(a) The probability that Kunle solves a particular question is \(\frac{1}{3}\) while that of Tayo is \(\frac{1}{5}\). If both of them attempt the question, find the probability that only one of them will solve the question.
(b) A committee of 8 is to be chosen from 10 persons.
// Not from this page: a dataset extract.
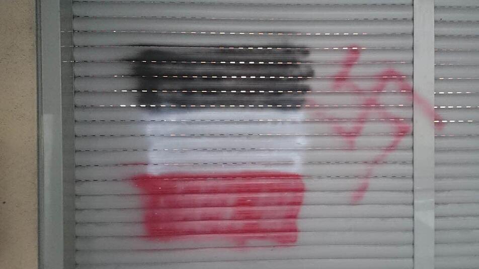 Wie die Polizei mitteilt, schlugen Unbekannte vermutlich zwischen 2 und 5 Uhr morgens die Glaseingangstür zum Anwesen im Balthasargässchen in Bamberg ein. Zudem sprühten sie an die Hausfassade unter anderem ein Hakenkreuz und eine schwarz-weiß-rote Flagge mit Hakenkreuz.

In how many ways can this be done if there is no restriction?
Explanation
(a) \(p(Kunle) = \frac{1}{3} ; p(\text{not Kunle}) = \frac{2}{3}\)
\(p(Tayo) = \frac{1}{5} ; p(\text{not Tayo}) = \frac{4}{5}\)
\(p(\text{only one solve the question}) = p(\text{Kunle and not Tayo}) + p(\text{Tayo and not Kunle})\)
= \((\frac{1}{3} \times \frac{4}{5}) + (\frac{1}{5} \times \frac{2}{3})\)
= \(\frac{4}{15} + \frac{2}{15}\)
= \(\frac{6}{15} = \frac{2}{5}\)
(b) 10 persons to choose 8
Number of ways = \(^{10}C_{8}\)
= \(\frac{10!}{(10 - 8)! 8!}\)
= \(\frac{10 \times 9}{2}\)
= 45 ways.